▶ **Task inputs**
--- START ---
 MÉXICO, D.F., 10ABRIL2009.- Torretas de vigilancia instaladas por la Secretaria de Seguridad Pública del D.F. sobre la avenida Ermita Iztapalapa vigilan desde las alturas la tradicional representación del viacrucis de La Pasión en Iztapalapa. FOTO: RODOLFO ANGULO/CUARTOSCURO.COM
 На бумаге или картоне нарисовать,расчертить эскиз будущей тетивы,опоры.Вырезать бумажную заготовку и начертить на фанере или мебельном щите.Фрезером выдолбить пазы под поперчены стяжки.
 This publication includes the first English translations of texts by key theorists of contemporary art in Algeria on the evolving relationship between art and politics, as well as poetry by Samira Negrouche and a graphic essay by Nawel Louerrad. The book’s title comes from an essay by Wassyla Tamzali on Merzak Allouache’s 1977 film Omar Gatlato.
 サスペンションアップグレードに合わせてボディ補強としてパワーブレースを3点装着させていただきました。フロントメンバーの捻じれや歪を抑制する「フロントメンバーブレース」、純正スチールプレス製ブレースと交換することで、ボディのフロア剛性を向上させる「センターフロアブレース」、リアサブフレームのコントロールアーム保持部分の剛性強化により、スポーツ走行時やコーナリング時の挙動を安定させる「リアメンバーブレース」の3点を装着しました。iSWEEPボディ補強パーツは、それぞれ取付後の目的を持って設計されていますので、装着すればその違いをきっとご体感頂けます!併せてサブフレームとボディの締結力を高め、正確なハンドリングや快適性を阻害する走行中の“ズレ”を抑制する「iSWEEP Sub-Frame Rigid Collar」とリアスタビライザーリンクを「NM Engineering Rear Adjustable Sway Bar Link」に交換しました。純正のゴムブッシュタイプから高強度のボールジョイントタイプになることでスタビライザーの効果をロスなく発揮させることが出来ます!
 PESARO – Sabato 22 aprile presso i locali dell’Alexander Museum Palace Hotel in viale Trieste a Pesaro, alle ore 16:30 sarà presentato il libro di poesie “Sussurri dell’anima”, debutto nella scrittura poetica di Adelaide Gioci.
--- END ---
--- START ---
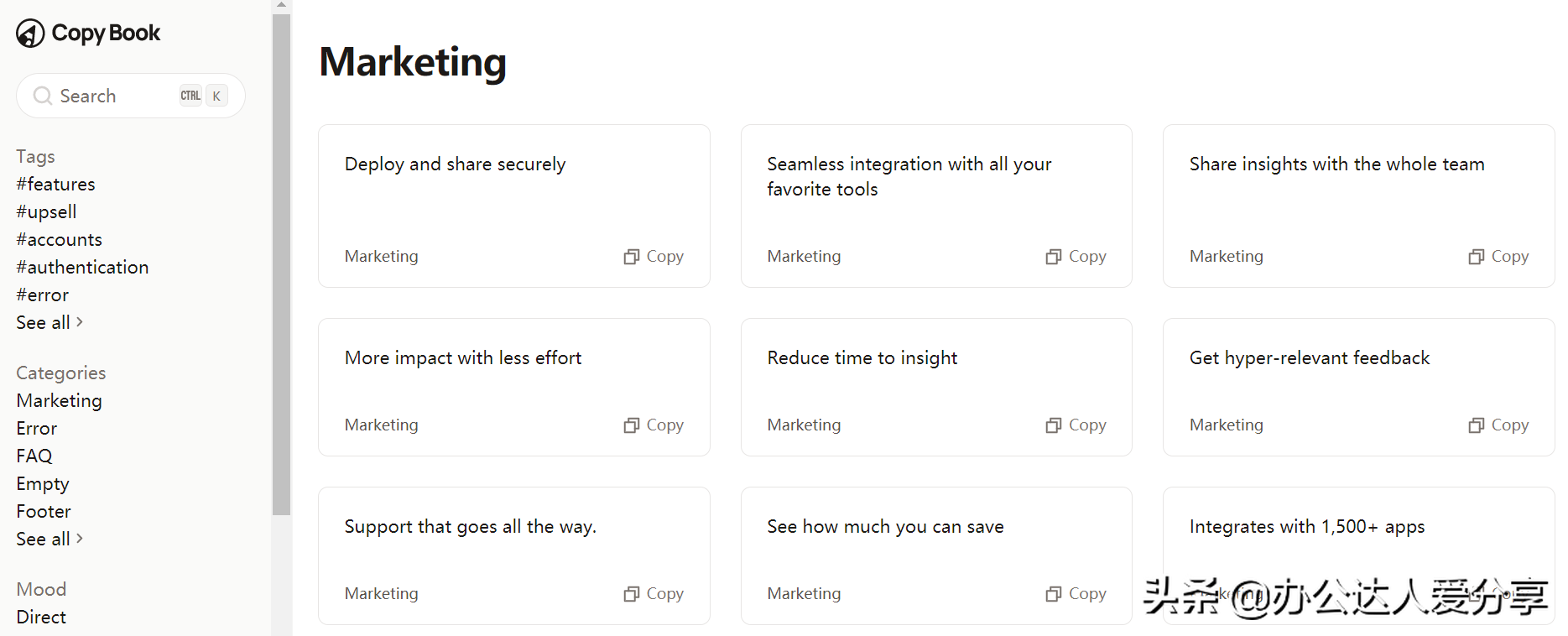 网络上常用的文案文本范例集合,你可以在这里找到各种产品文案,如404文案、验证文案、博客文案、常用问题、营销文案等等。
--- END ---
▶ **Work required**
Starting at the line above that contains "MÉXICO, D.F., 10ABRIL2009.- Torretas", write out each line exactly until the line that contains "This publication includes" has been written, and stop there.

▶ **Response to this task**
 MÉXICO, D.F., 10ABRIL2009.- Torretas de vigilancia instaladas por la Secretaria de Seguridad Pública del D.F. sobre la avenida Ermita Iztapalapa vigilan desde las alturas la tradicional representación del viacrucis de La Pasión en Iztapalapa. FOTO: RODOLFO ANGULO/CUARTOSCURO.COM
 На бумаге или картоне нарисовать,расчертить эскиз будущей тетивы,опоры.Вырезать бумажную заготовку и начертить на фанере или мебельном щите.Фрезером выдолбить пазы под поперчены стяжки.
 This publication includes the first English translations of texts by key theorists of contemporary art in Algeria on the evolving relationship between art and politics, as well as poetry by Samira Negrouche and a graphic essay by Nawel Louerrad. The book’s title comes from an essay by Wassyla Tamzali on Merzak Allouache’s 1977 film Omar Gatlato.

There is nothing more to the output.